━━━━━ DATA BLOCK ━━━━━
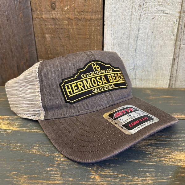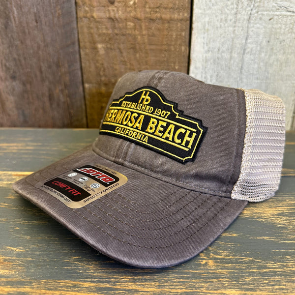 Hermosa Beach ARE YOUR ESTABLISHED? 6 Panel Low Profile "OTTO COMFY FIT" Trucker Hat - Dark Brown/Dark Brown/Khaki
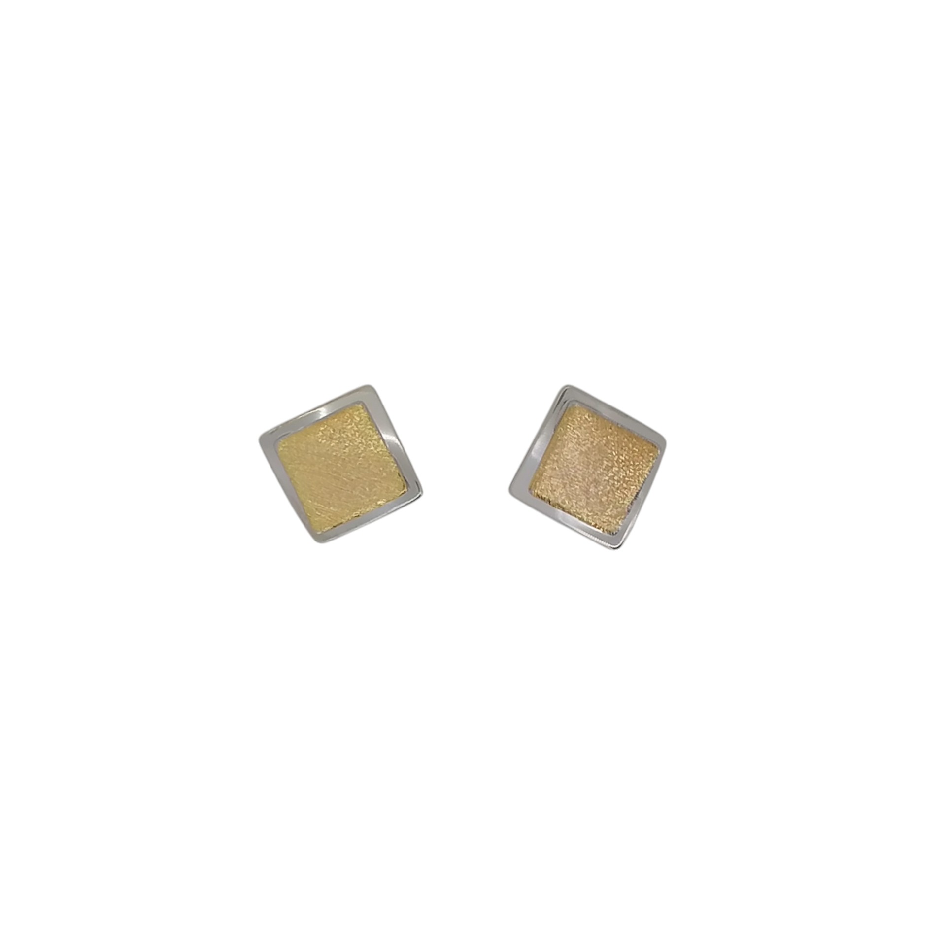 Σκουλαρίκια αυτιών διπλό τετράγωνο13mm μιξ μεταλ
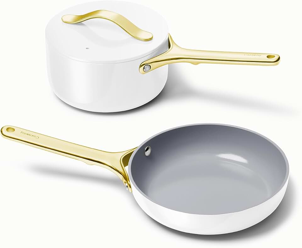 Caraway Mini Cookware Set - Non-Stick Ceramic Fry Pan (1.05 qt, 8") & Sauce Pan (1.75 qt) - Non Toxic, PTFE & PFOA Free - Oven Safe & Stovetop Agnostic (Gas, Electric & Induction) - White
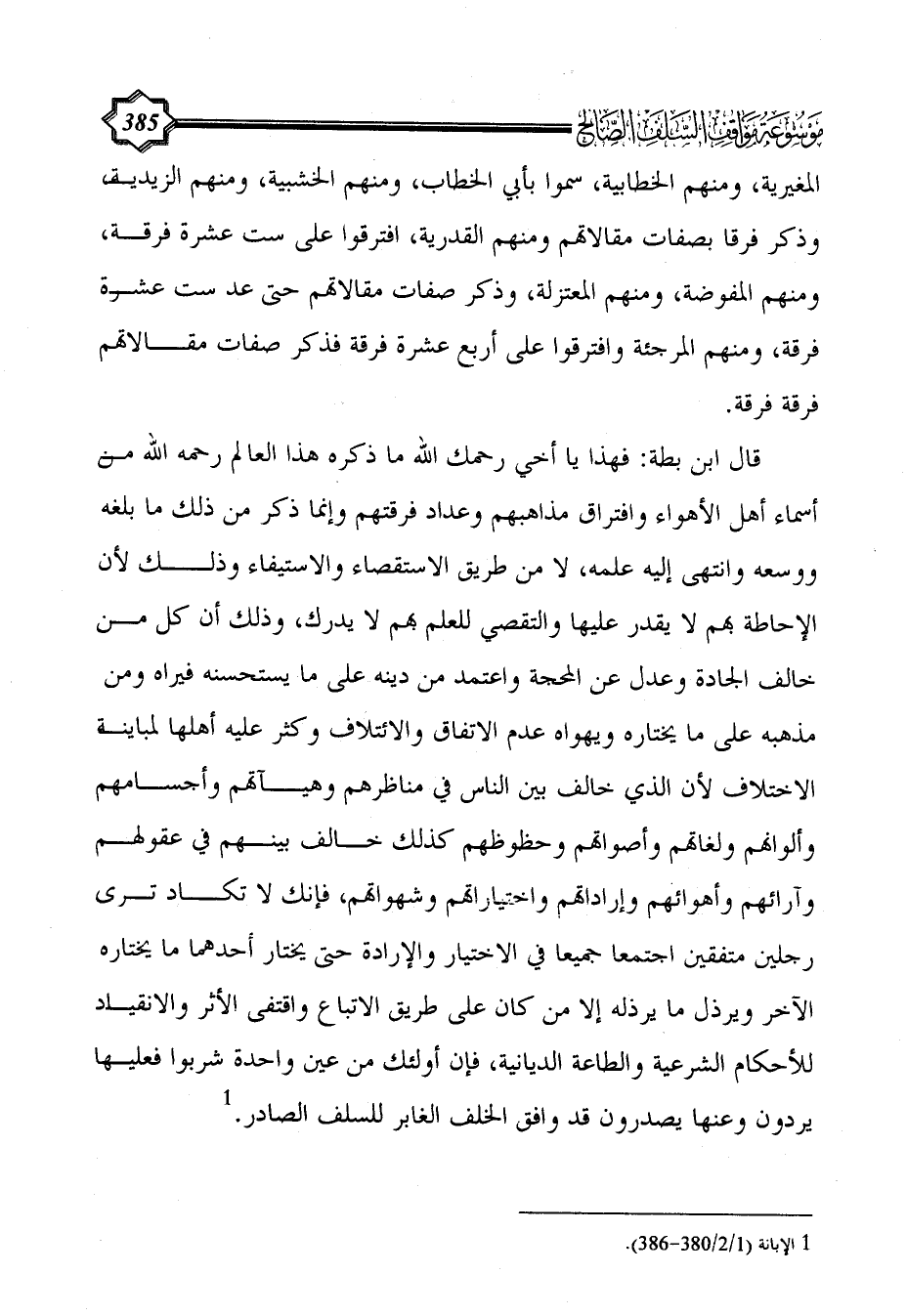 قال ابن بطة: فهذا يا أخي رحمك الله ما ذكره هذا العالم رحمه الله من أسماء أهل الأهواء وافتراق مذاهبهم وعداد فرقتهم وإنما ذكر من ذلك ما بلغه ووسعه وانتهى إليه علمه، لا من طريق الاستقصاء والاستيفاء وذلك لأن الإحاطة بهم لا يقدر عليها والتقصي للعلم بهم لا يدرك، وذلك أن كل من خالف الجادة وعدل عن المحجة واعتمد من دينه على ما يستحسنه فيراه ومن مذهبه على ما يختاره ويهواه عدم الاتفاق والائتلاف وكثر عليه أهلها لمباينة الاختلاف لأن الذي خالف بين الناس في مناظرهم وهيآتهم وأجسامهم وألوانهم ولغاتهم وأصواتهم وحظوظهم كذلك خالف بينهم في عقولهم وآرائهم وأهوائهم وإراداتهم واختياراتهم وشهواتهم، فإنك لا تكاد ترى رجلين متفقين اجتمعا جميعا في الاختيار والإرادة حتى يختار أحدهما ما يختاره الآخر ويرذل ما يرذله إلا من كان على طريق الاتباع واقتفى الأثر والانقياد للأحكام الشرعية والطاعة الديانية، فإن أولئك من عين واحدة شربوا فعليها يردون وعنها يصدرون قد وافق الخلف الغابر للسلف الصادر. (¬1)
━━━━━
EXERCISE INSTRUCTIONS:
The material above should be returned exactly, without pictures.

EXERCISE OUTPUT:
 Hermosa Beach ARE YOUR ESTABLISHED? 6 Panel Low Profile "OTTO COMFY FIT" Trucker Hat - Dark Brown/Dark Brown/Khaki
 Σκουλαρίκια αυτιών διπλό τετράγωνο13mm μιξ μεταλ
 Caraway Mini Cookware Set - Non-Stick Ceramic Fry Pan (1.05 qt, 8") & Sauce Pan (1.75 qt) - Non Toxic, PTFE & PFOA Free - Oven Safe & Stovetop Agnostic (Gas, Electric & Induction) - White
 قال ابن بطة: فهذا يا أخي رحمك الله ما ذكره هذا العالم رحمه الله من أسماء أهل الأهواء وافتراق مذاهبهم وعداد فرقتهم وإنما ذكر من ذلك ما بلغه ووسعه وانتهى إليه علمه، لا من طريق الاستقصاء والاستيفاء وذلك لأن الإحاطة بهم لا يقدر عليها والتقصي للعلم بهم لا يدرك، وذلك أن كل من خالف الجادة وعدل عن المحجة واعتمد من دينه على ما يستحسنه فيراه ومن مذهبه على ما يختاره ويهواه عدم الاتفاق والائتلاف وكثر عليه أهلها لمباينة الاختلاف لأن الذي خالف بين الناس في مناظرهم وهيآتهم وأجسامهم وألوانهم ولغاتهم وأصواتهم وحظوظهم كذلك خالف بينهم في عقولهم وآرائهم وأهوائهم وإراداتهم واختياراتهم وشهواتهم، فإنك لا تكاد ترى رجلين متفقين اجتمعا جميعا في الاختيار والإرادة حتى يختار أحدهما ما يختاره الآخر ويرذل ما يرذله إلا من كان على طريق الاتباع واقتفى الأثر والانقياد للأحكام الشرعية والطاعة الديانية، فإن أولئك من عين واحدة شربوا فعليها يردون وعنها يصدرون قد وافق الخلف الغابر للسلف الصادر. (¬1)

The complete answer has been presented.